Task prompt:
Reproduce word for word the lines from the beginning of the entries to the line with "邢台市气象台2026年1月5", both included, but none of the pictures.

** Raw data follows **

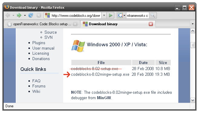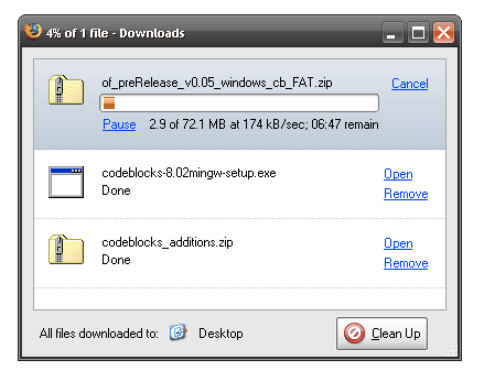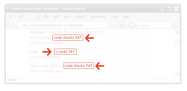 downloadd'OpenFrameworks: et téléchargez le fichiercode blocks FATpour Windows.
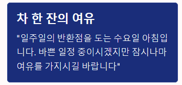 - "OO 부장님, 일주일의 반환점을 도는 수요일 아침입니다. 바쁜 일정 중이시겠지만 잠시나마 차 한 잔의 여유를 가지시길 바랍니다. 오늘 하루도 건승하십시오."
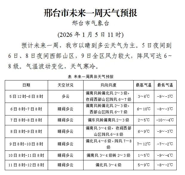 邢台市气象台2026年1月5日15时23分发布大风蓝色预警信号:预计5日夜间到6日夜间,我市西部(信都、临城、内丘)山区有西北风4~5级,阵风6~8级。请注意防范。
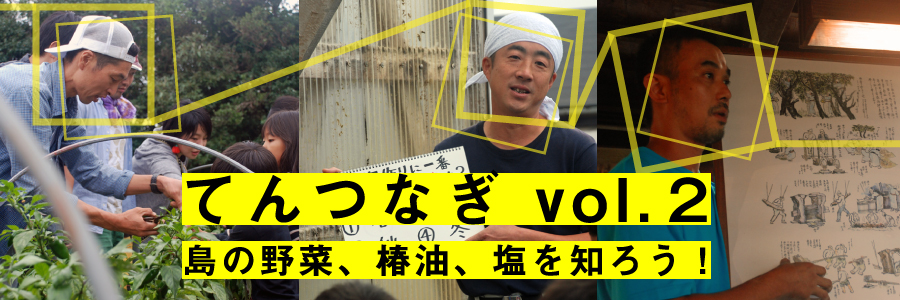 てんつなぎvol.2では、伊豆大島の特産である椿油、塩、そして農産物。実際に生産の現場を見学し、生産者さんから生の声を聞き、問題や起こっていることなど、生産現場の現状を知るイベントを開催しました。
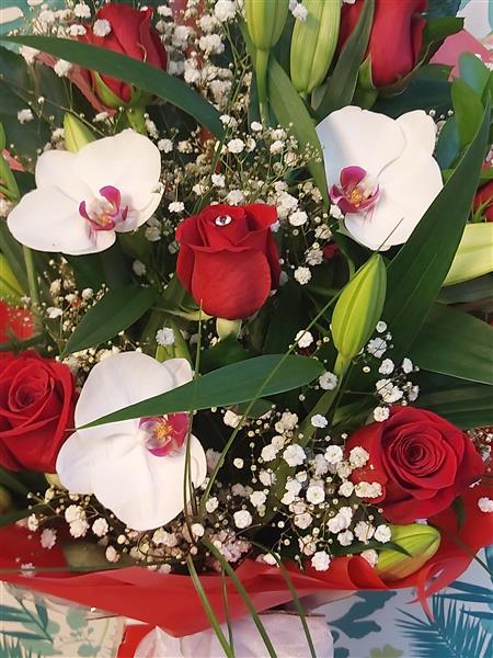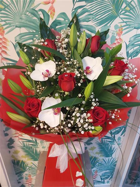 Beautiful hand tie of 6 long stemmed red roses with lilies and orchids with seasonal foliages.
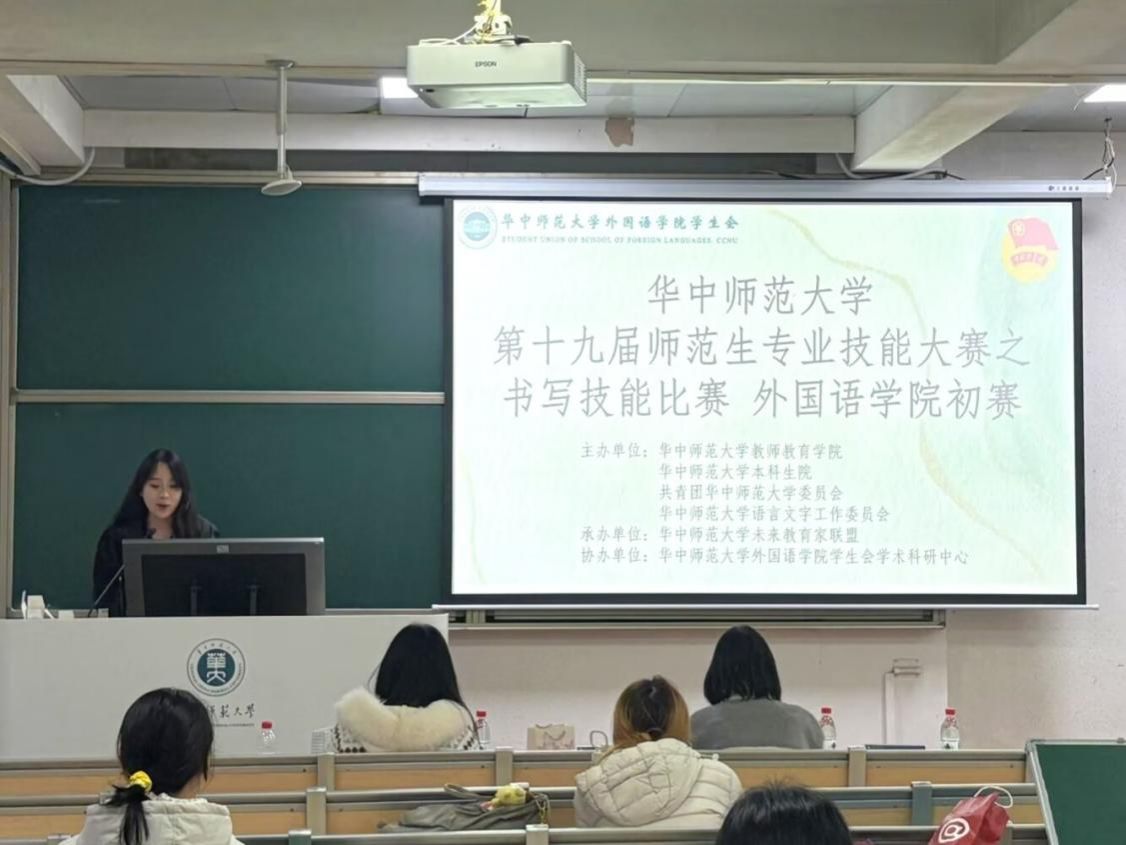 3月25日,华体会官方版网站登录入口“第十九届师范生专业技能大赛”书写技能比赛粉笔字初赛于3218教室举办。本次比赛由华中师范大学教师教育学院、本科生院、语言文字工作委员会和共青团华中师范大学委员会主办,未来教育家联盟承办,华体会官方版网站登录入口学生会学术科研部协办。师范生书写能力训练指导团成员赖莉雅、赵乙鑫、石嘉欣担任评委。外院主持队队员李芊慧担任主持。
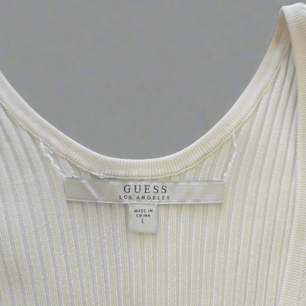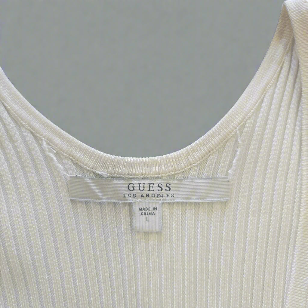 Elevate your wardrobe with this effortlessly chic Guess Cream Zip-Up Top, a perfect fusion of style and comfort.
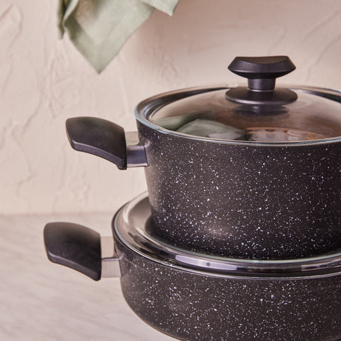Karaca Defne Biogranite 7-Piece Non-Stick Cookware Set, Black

** End of Raw data **

Response to the exercise:
 downloadd'OpenFrameworks: et téléchargez le fichiercode blocks FATpour Windows.
 - "OO 부장님, 일주일의 반환점을 도는 수요일 아침입니다. 바쁜 일정 중이시겠지만 잠시나마 차 한 잔의 여유를 가지시길 바랍니다. 오늘 하루도 건승하십시오."
 邢台市气象台2026年1月5日15时23分发布大风蓝色预警信号:预计5日夜间到6日夜间,我市西部(信都、临城、内丘)山区有西北风4~5级,阵风6~8级。请注意防范。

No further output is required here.